Sabah kahvaltı sonrası haberlere bakıyordum. Genelde yerel haberlere. İzmir ve çevresindeki illere doğru ilerleyerek. En son medyanın merkezi olan İstanbul merkezli haberleri okuyorum. İstanbul medyasına düşman olduğumdan değil, sadece bana göre en son okumam gereken olduğu için.
Medyanın istediğiniz kadar merkezi İstanbul deyin, hatta İstanbul’dan taşıyıp, Paris’in, Lodra’nın, Madrid’in göbeğine taşıyın, bana göre, yaşadığım yere göre, tanıdığım, tanıştığım, bildiğim, gördüğüm insanlara göre benim için medyanın merkezi İzmir’dir.
Yerel haberlere bakarken, bir şeyler kafama takıldı. Her yıl, bazı aylarda, bazı günlerde bazı yerel medya kuruluşları, ‘En iyi’ tespiti yaptıklarını gördüm.

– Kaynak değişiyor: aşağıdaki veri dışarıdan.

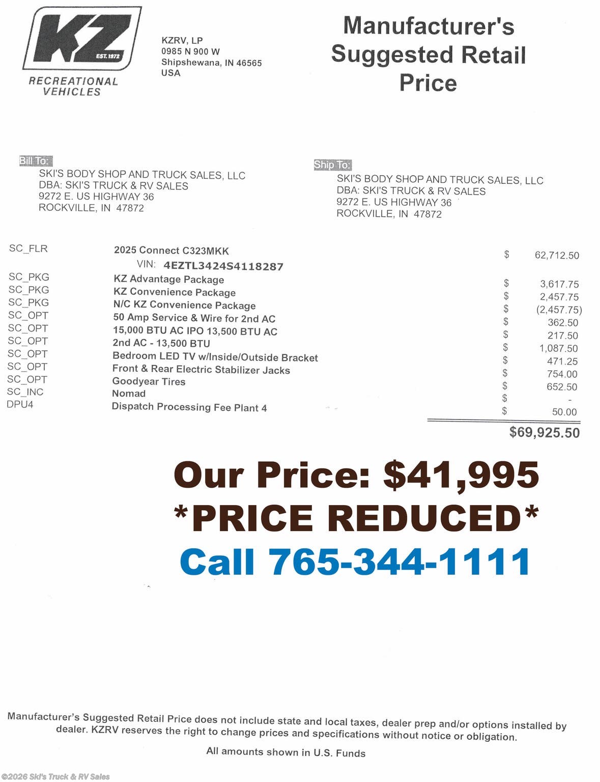 Request More Info on this 2025 K-Z Connect C323MKK Offered for sale by Ski's Truck & RV Sales
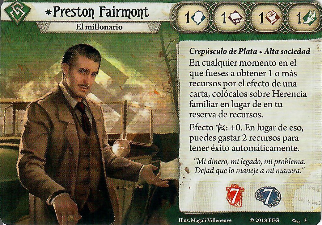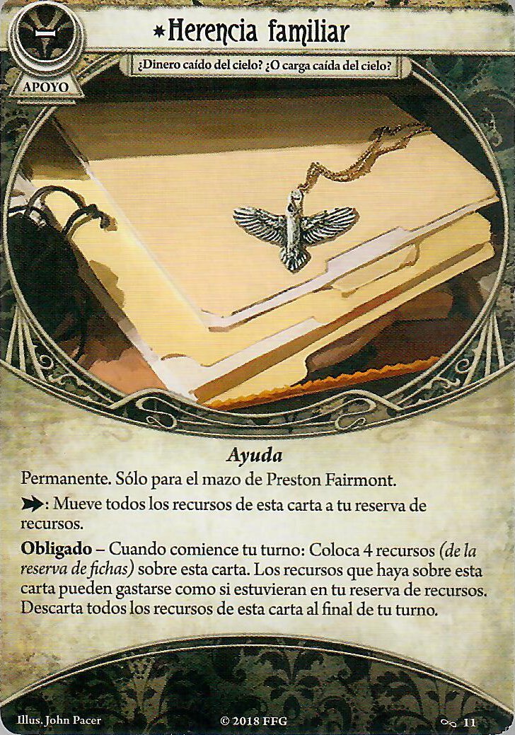 El apoyo personal de Preston, Herencia Familiar, es una carta Permanente, por lo que comienza ya en juego. Como podréis comprobar por el texto de la carta de investigador, va a ser una pieza clave en el funcionamiento de Preston. La cosa va así: siempre que Preston gane recursos por el efecto de una carta, estos recursos se acumulan a Herencia Familiar. Es decir, solo irían a nuestra reserva de recursos aquellos que obtengamos mediante acciones básicas de recursos o cuando robamos carta y recurso en la fase de mantenimiento.

Buradan tek tek isimlerini yazmayacağım. ‘En iyi’ ödülü programı yapan ve verenler zaten kendilerini biliyorlar.
Sorun ‘En iyi’ ödülü vermeleri değil, sorun en iyiyi kime göre, neye göre, hangi kritere göre vermeleri.
Öyle ya, birisini ‘En iyi köşe yazarı’, diğerini ‘En iyi modacı’, bir diğerini ‘En iyi fotoğrafçı’, bir diğerini ‘En iyi işadamı’, bir diğerine ‘En iyi yazar’, bir diğerini ‘En iyi işkadını’, bir diğerini ‘En iyi siyasetçi’, bir diğerine ‘En iyi çevreci’ vs. seçtiğinize göre, neye göre, kime göre, hangi kritere göre diye sorarlar.
Şimdi birileri bu arkadaşa kimse ‘En iyi’ demedi diye bunu yazıyor diye düşünen varsa, peşin söyleyeyim, her kritere göre beni ‘En kötü’ ilan edebilirsiniz.
‘En iyi’ olmak gibi kaygım yok.
İyi olabilmek bana yetiyor.
Eleştirimde asla ‘En iyi ödülü’ alanlara değil.
Bol keseden ‘En iyi ödülü’ dağıtanlara.
Bu dağıtım şebekesi, çetesine birilerini yazara da olsa dur demesi gerekiyor.
Yoksa maazallah bunun önünü alamayız.
En iyi terzi ödülü de çıkar, ‘En iyi gevrekçi, çaycı, çorbacı, en iyi tellak, en iyi berber, en iyi öğrenci, öğretmen ödülü vs de.
En iyiyi bilen, ödüllendiren kişilerden de ricam var,
‘En iyiyi’ belirlerken, bazı en iyilerden kaç para alıyorsunuz onu da açıklayın da, en iyi kim kazanıyor, kazandırıyor onu da bilelim.
Bir ‘En iyi Ödülü’nü de biz sizlere veririz belki.